III - Quando o direito à liquidação diga respeito a factos relativamente aos quais tenha sido instaurado processo-crime, em que já tenha sido deduzida acusação formal pelo MP e requerida a abertura da instrução e que se encontre suspenso nos termos do estatuído no artigo 47.º do RGIT, o prazo de caducidade de 4 anos é alargado até ao arquivamento ou trânsito em julgado da sentença, acrescido de um ano.
Nº Convencional:JSTA000P26343
Nº do Documento:SA2202009160760/16
Data de Entrada:11/02/2018
Recorrente:A............, LDA
Recorrido 1:AT-AUTORIDADE TRIBUTÁRIA E ADUANEIRA
Votação:UNANIMIDADE
Aditamento:
Texto Integral: Acordam na secção do Contencioso Tributário do Supremo Tribunal Administrativo:

I – Relatório

1- A……..., Lda., com os sinais dos autos, interpôs recurso da sentença proferida pelo Tribunal Administrativo e Fiscal de Sintra em 27 de Junho de 2018, que julgou improcedente a impugnação judicial das liquidações adicionais de IVA, referentes a 2009, no valor global de € 33.031,57, acrescidas de € 6.395,80, de juros compensatórios., apresentando, para tanto, alegações que concluiu do seguinte modo:
1. Nos termos dos artigos 103.º, n.º 3 e 104.º, n.º 2 da CRP a liquidação dos impostos deve seguir a lei e a tributação das empresas incide fundamentalmente sobre o seu rendimento real;

2. Nos termos do art.º 75.º da LGT, já atrás enunciado, presumem-se verdadeiras e de boa fé as declarações dos contribuintes, apresentadas nos termos previstos na lei, bem como os dados e apuramentos inscritos na sua contabilidade ou escrita, quando estas estiverem organizadas de acordo com a legislação comercial e fiscal. A presunção aqui referida poderá ser elidida nos termos do n.º 2 do mesmo artigo caso se verifiquem algumas das quatro situações aí referidas.
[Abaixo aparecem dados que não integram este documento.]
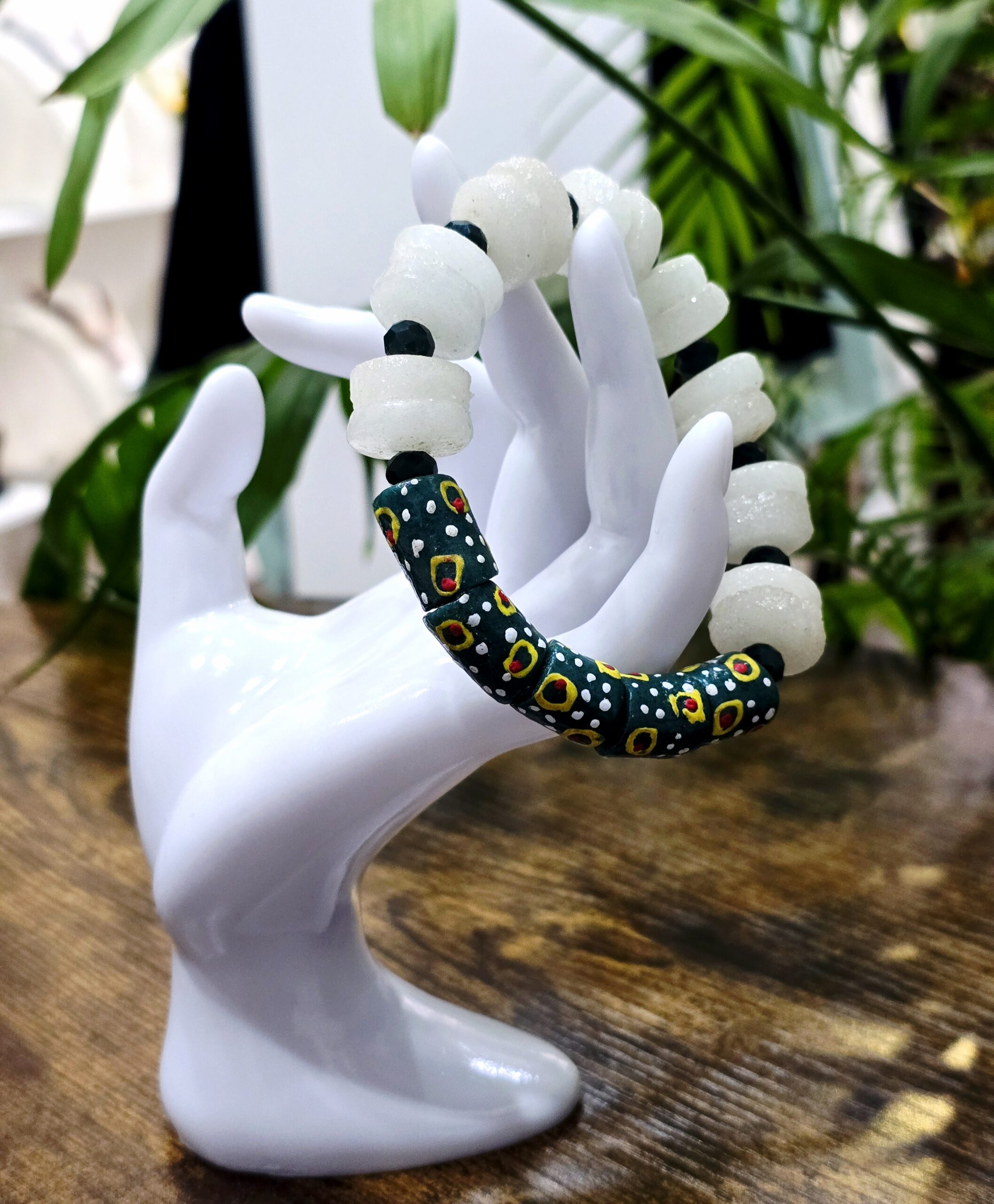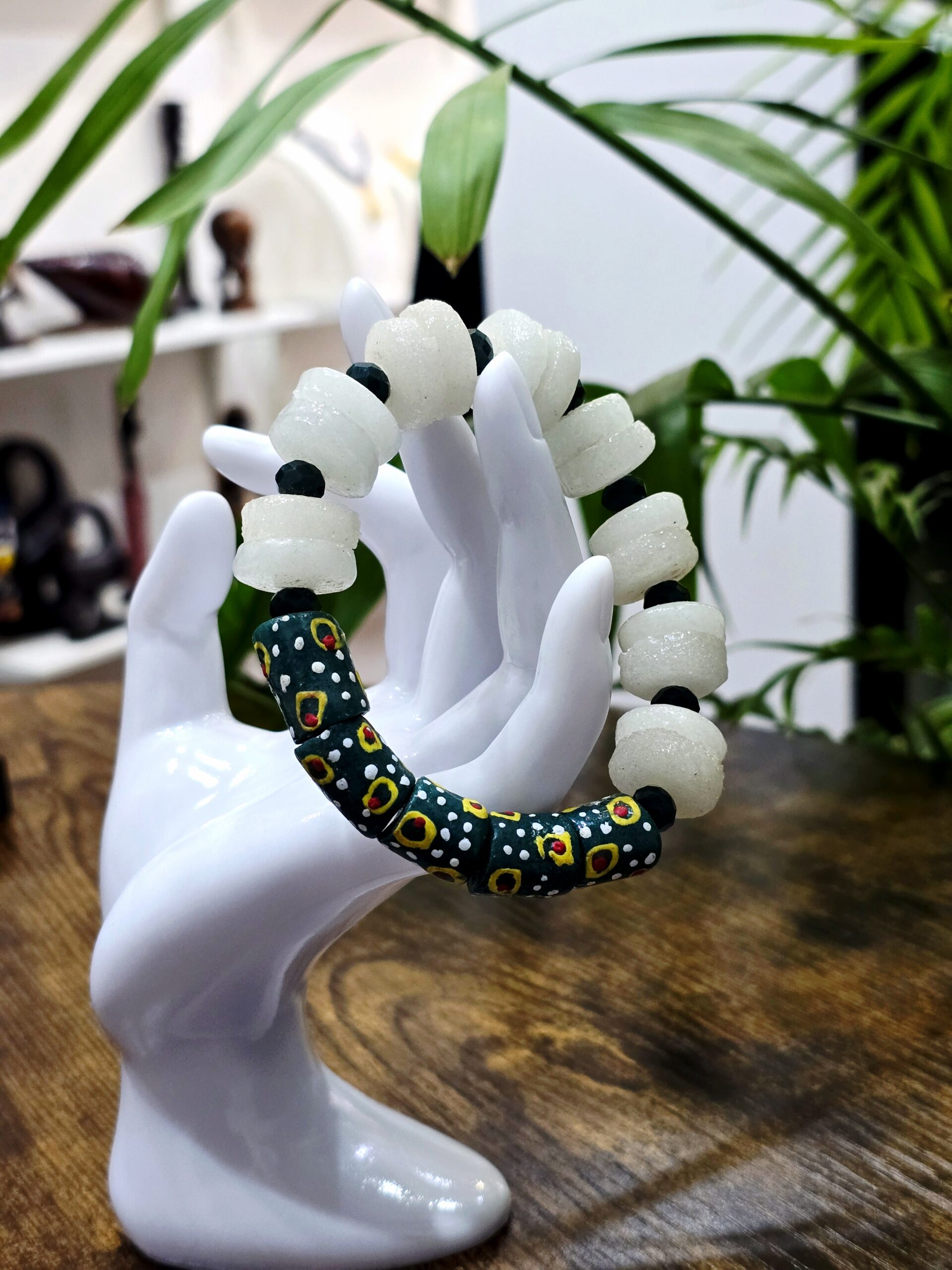 Expandable elasticated bracelet, made with recycled glass krobo beads.

3. Nos termos da Inspecção realizada pela AT em 2013 e 2014, esta considerou a Contabilidade da Recorrente como não credível no período de 2009 a 2012 inclusive. Deste modo avançou para aplicação de métodos indirectos no ano de 2011 e de correcções aritméticas nos anos de 2009, 2010 e 2012.
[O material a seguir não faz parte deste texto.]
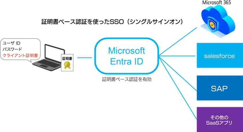 ● Microsoft Entra IDでSSO(シングルサインオン)連携している他社のSssSサービスでも、証明書ベース認証を使用できます。
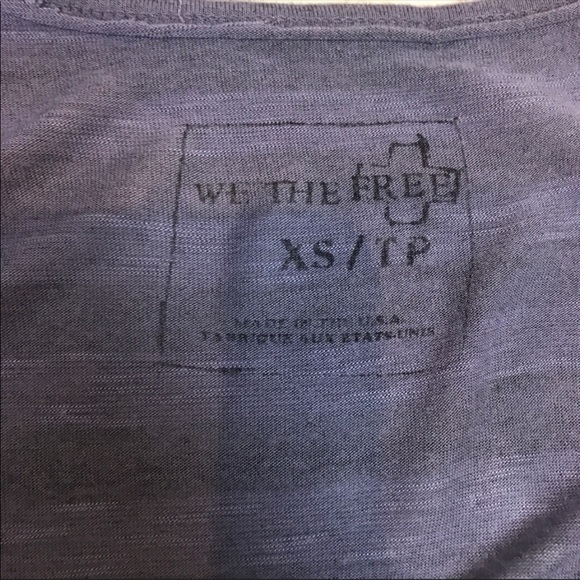 I love this shirt!! I wore it a couple times, but it is in excellent condition! EUC. It is a Free People/We The Free long sleeve purple striped oversized shirt. It is an XSmall. Even a Small would fit into this just fine because of the fact it's oversized. I took a picture of the hem so you can see it's supposed to look that way. Almost as if it was cut. It doesn't curl though, or unravel.
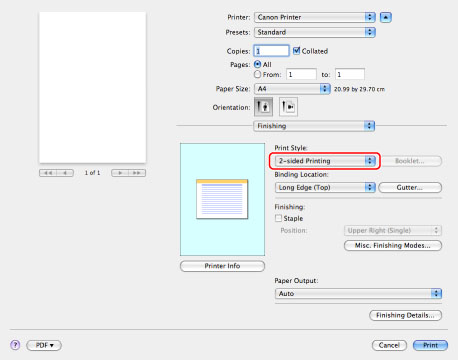 Confirm that [2-sided Printing] is selected for [Print Style].
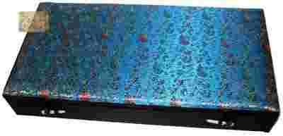 piękny głęboki odcień, lekki połysk, przepiękny turkusowy kolor, kolorowo-złoty ornament na całym wierzchu pudełka
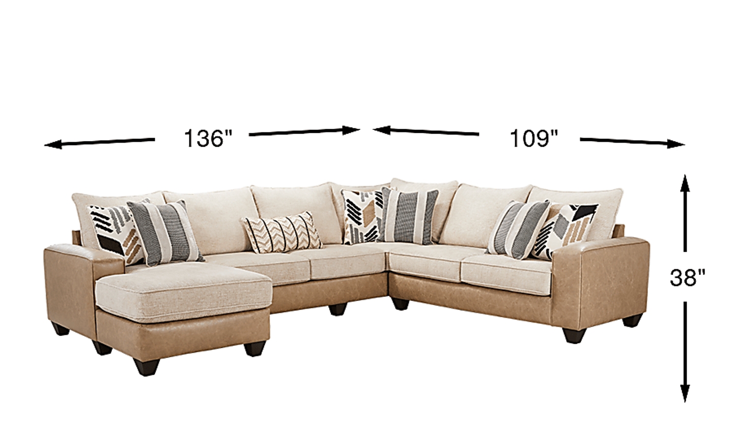 Runway-ready boho fashion makes its way into your heart and living room when the unique Murphy sectional and its warm, chunky personality come to shine. The standout seats of this collection stun with a two-tone, two-fabric design: soft woven beige on top and a smooth light brown on the base, arms and back. Scatterback pillows add to the relaxed atmosphere while included accent pillows bolster the earthy color palette. Upholstery: 100% Polyester. Cleaning Instructions: Use water based cleaning agents or foam.
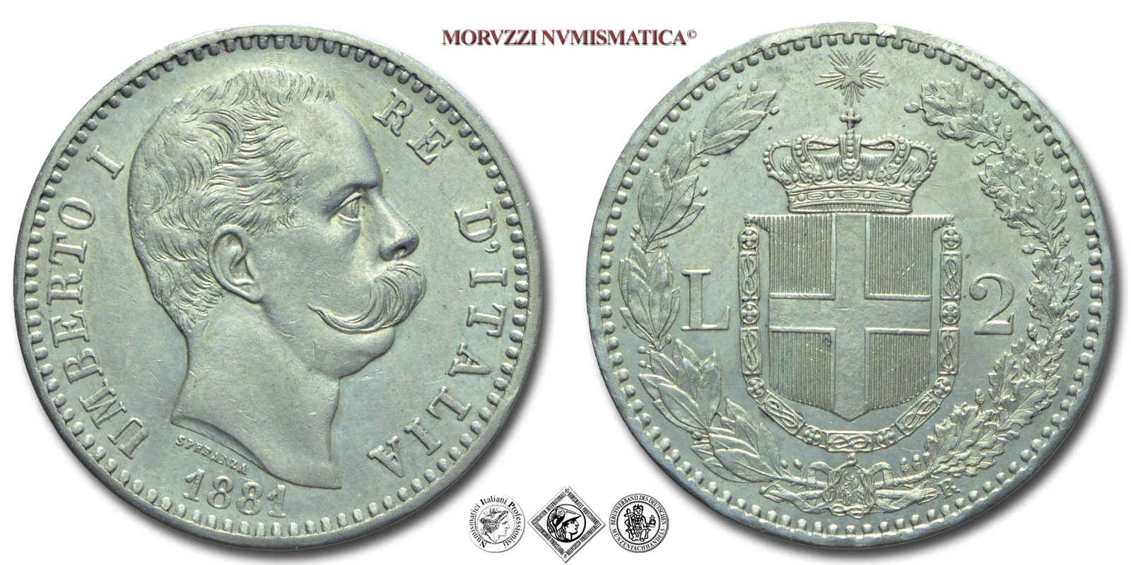 Regno d'Italia, UMBERTO I, 1878-1900, LIRE 2, 1881
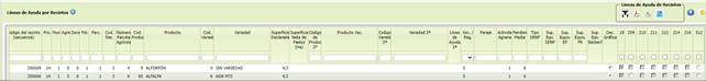 abre un impreso con una visión general de todos los recintos y las líneas de ayudas solicitadas por cada uno de ellos. La información será la matrícula SigPac de cada recinto, el producto y variedad declarados y las líneas que ha solicitado.
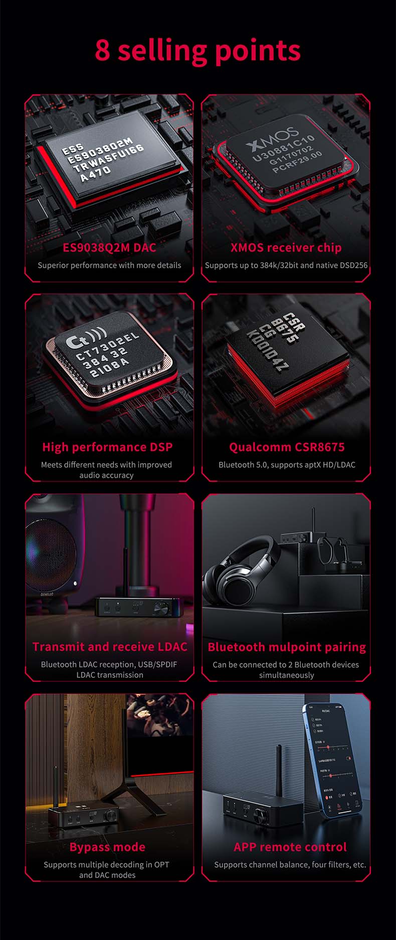 >BTA30 Pro can serve as a high-fidelity desktop DAC if you require it to be. It supports not only Bluetooth and USB as input ports but also has SPDIF Coaxial and Optical digital inputs.
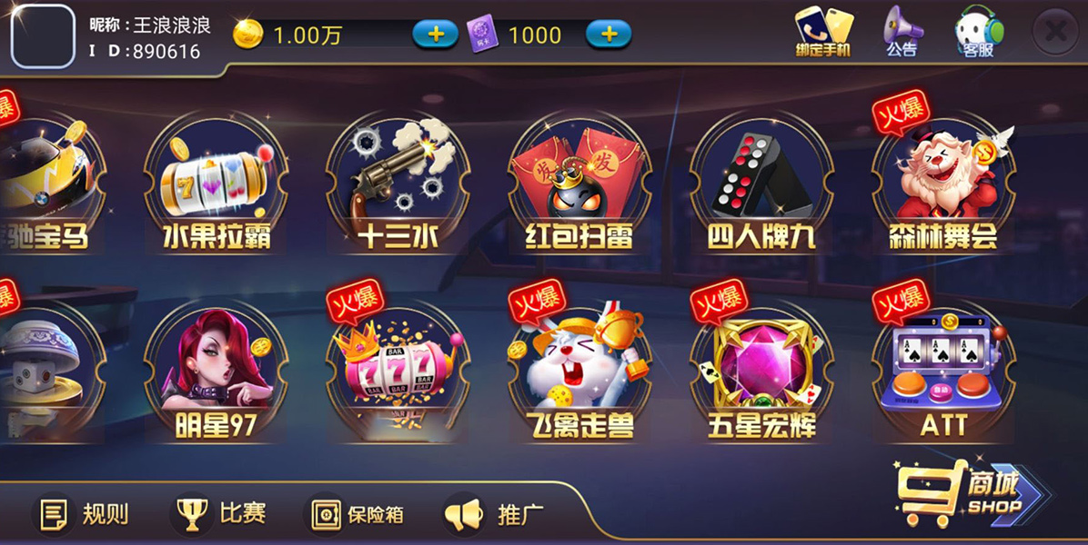 百人场:森林舞会、五星宏辉、龙*斗、百*乐、水果机、飞禽走兽、ATT、明星97、老*机、奔驰宝马、骰*、俄罗斯轮盘、红黑大战、龙凤对决、万人牛牛

4. As liquidações adicionais de 2009, em sede de IVA e acrescido, no montante de Euros 39.427,37, foram obtidas pela AT através de presunções e estimativas com base em avaliação indirecta, denominada de correcções meramente aritméticas, não pondo em causa o sistema de facturação certificado, o que contraria a lei.

5. Ora contrariando o que seria razoável e como é expresso na pág 9 do Relatório, a utilização de métodos indirectos cingiu-se apenas ao exercício de 2011, procurando a AT pôr em causa a Margem bruta do negócio e os resultados tomando por base as chamadas correcções aritméticas nos anos de 2009, aqui em Recurso, em 2010 e 2012. Repete-se foi invocado pela AT a aplicação apenas de correcções aritméticas e não de métodos indirectos com as inerentes consequências em termos de mecanismos de defesa, constitucionalmente garantidos aos contribuintes e do prazo de caducidade que seria reduzido para três anos.

6. Mas o que são correcções aritméticas para a AT e para o Tribunal a quo no ano de 2009 no contexto do Relatório inspectivo da Autoridade Tributária que considerou não credível a Contabilidade da empresa?

-Como se sabe e nos termos do SNC os resultados das empresas são apurados pela diferença entre Proveitos e Gastos em sentido económico, não interessando se tais movimentos foram pagos ou não.

Ora as liquidações adicionais da AT foram baseadas em presunções e estimativas como segue:

f) Todos os depósitos (receitas e não rendimentos) foram vendas;

g) Todos os cheques emitidos para os sócios da empresa (considerados todos distribuição de resultados) foram considerados mais vendas, quando a empresa mantinha até 2008 inclusive resultados transitados positivos que poderiam ser distribuídos a qualquer momento.

h) Havendo mais vendas nestas presunções, a AT presumiu igualmente mais gastos, em Matérias Primas, não se sabendo quem os forneceu e pagou.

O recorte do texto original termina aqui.